• What is expected: Take the lines in the listing below from the line with "Tonneau à Vin Rouge" up to and including the line with "Female Death Registration: Year: 1916" and set them down exactly, skipping pictures and adding nothing.

• Supplied data:
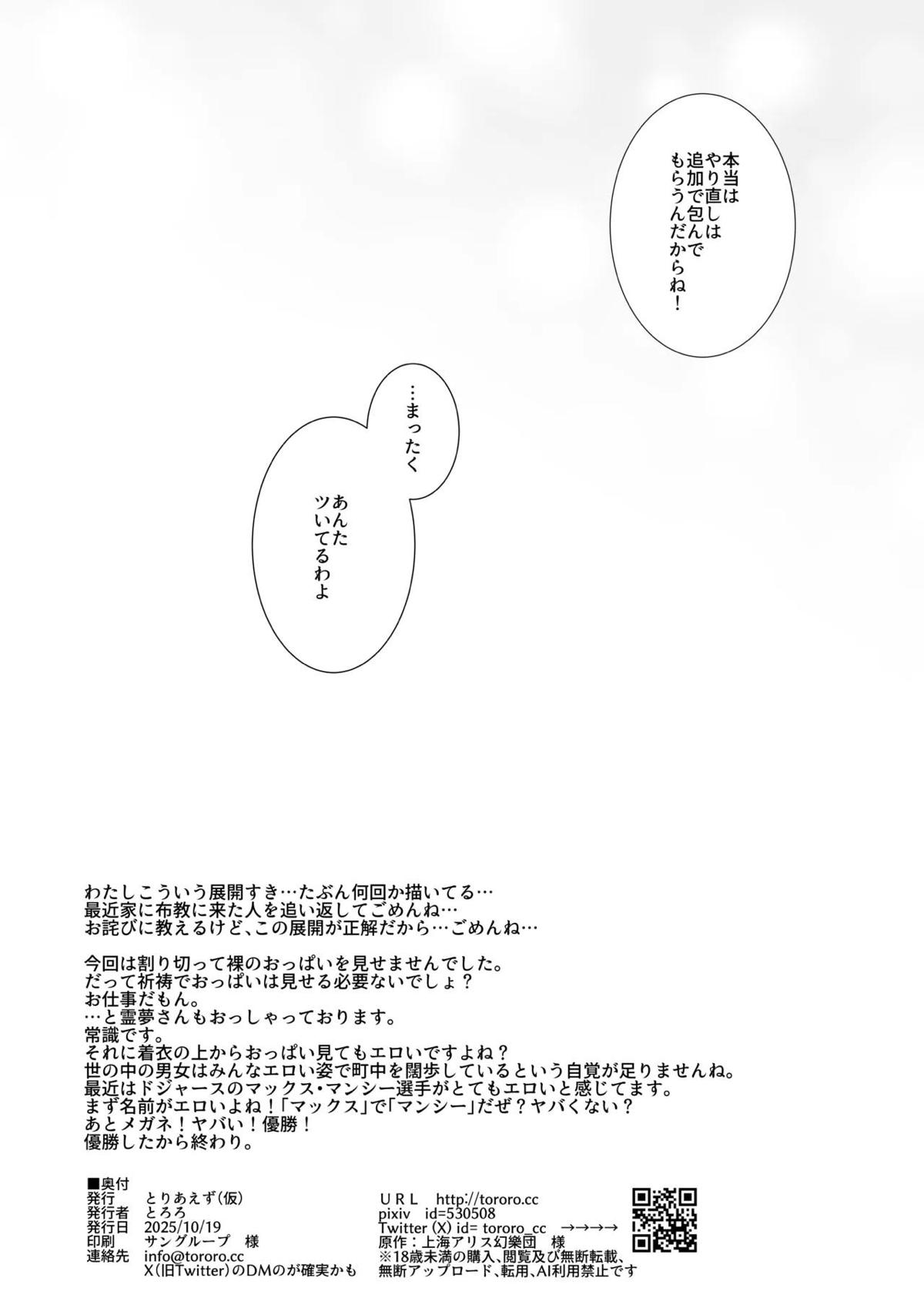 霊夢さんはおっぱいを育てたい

* * *

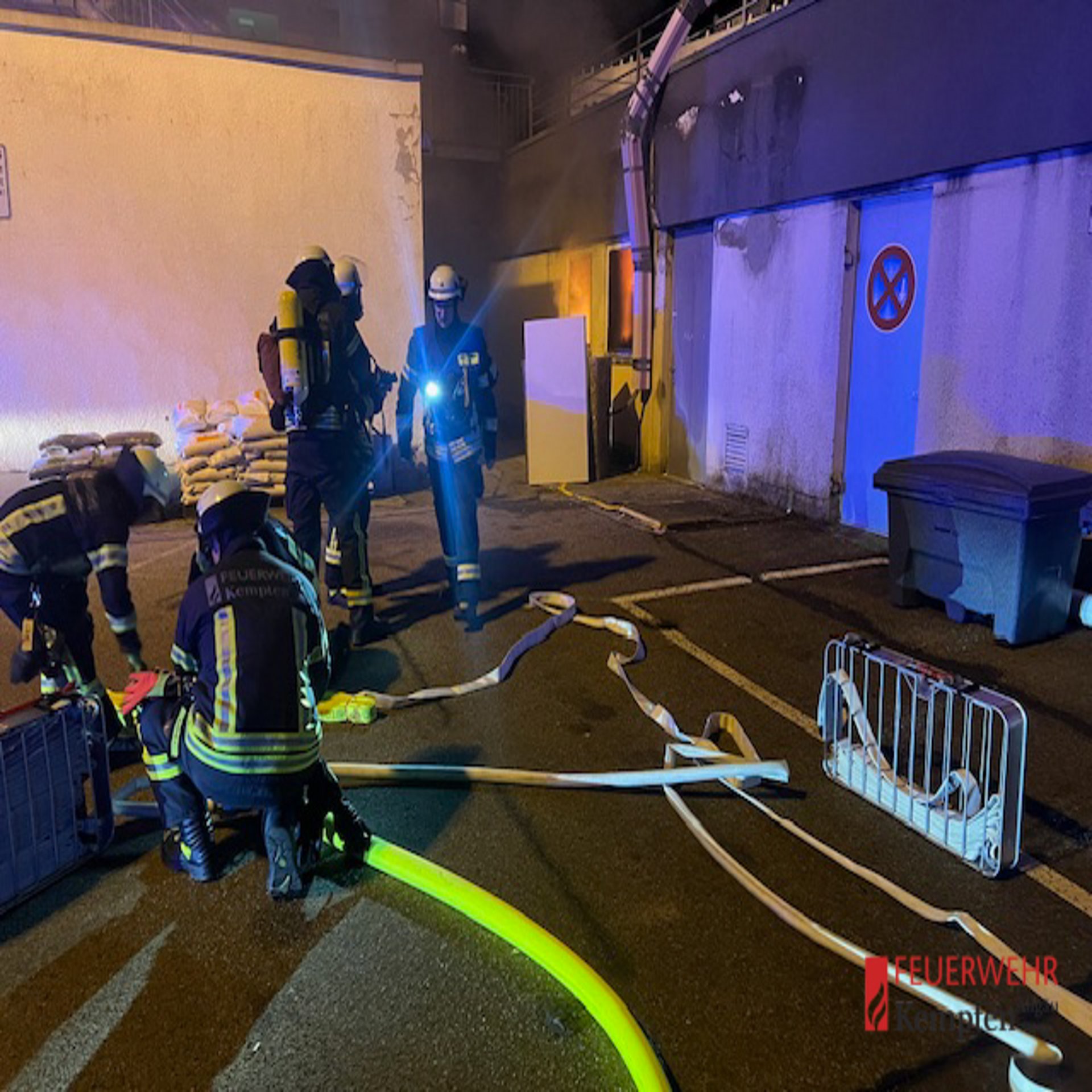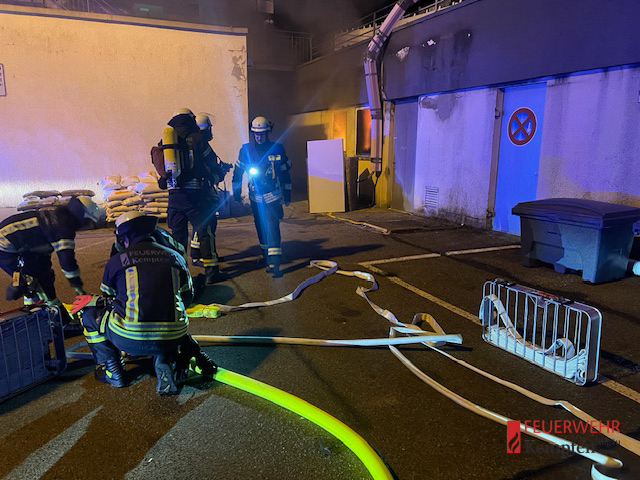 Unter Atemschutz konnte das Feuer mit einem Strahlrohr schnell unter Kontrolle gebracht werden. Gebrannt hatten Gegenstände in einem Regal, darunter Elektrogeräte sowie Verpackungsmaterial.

---

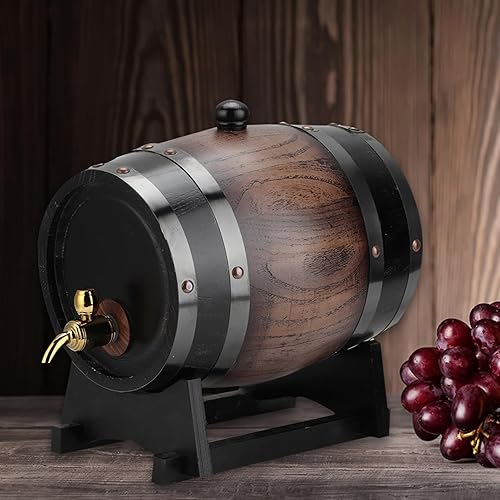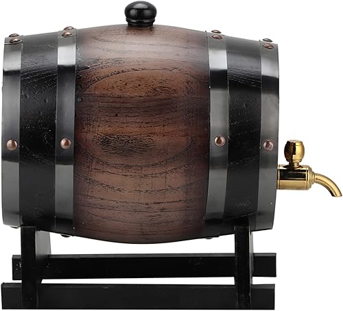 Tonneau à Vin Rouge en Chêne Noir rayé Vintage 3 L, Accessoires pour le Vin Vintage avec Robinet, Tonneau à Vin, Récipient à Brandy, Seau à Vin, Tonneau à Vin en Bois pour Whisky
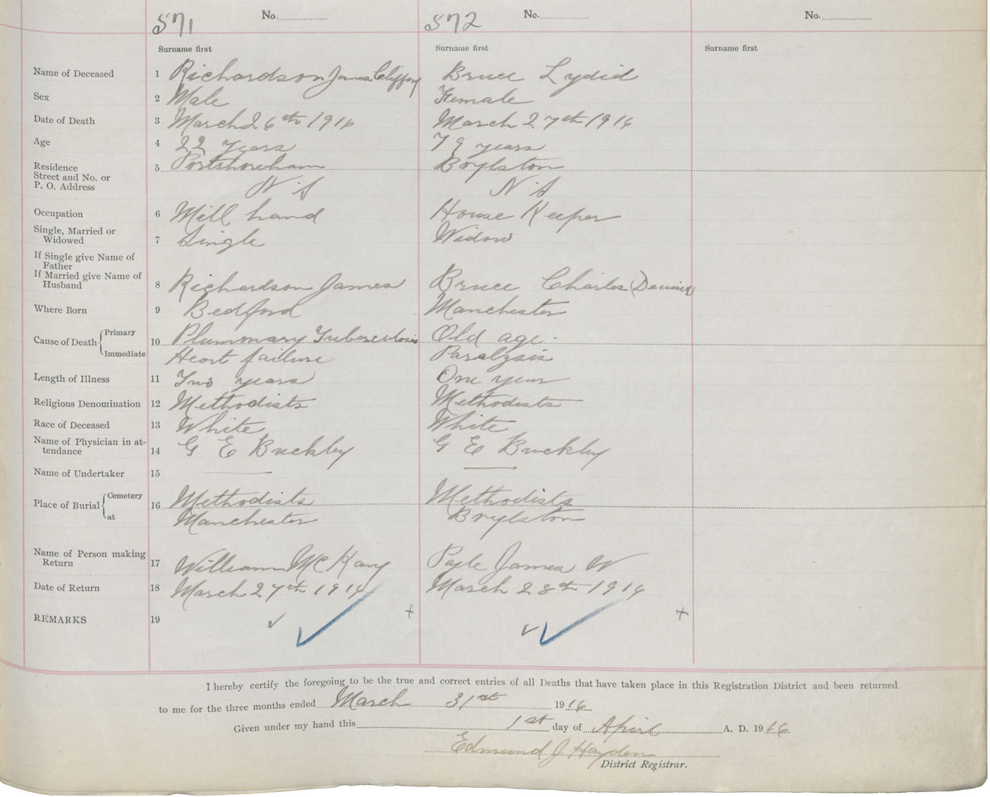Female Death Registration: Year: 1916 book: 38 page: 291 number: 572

• Response to this task:
 Tonneau à Vin Rouge en Chêne Noir rayé Vintage 3 L, Accessoires pour le Vin Vintage avec Robinet, Tonneau à Vin, Récipient à Brandy, Seau à Vin, Tonneau à Vin en Bois pour Whisky
Female Death Registration: Year: 1916 book: 38 page: 291 number: 572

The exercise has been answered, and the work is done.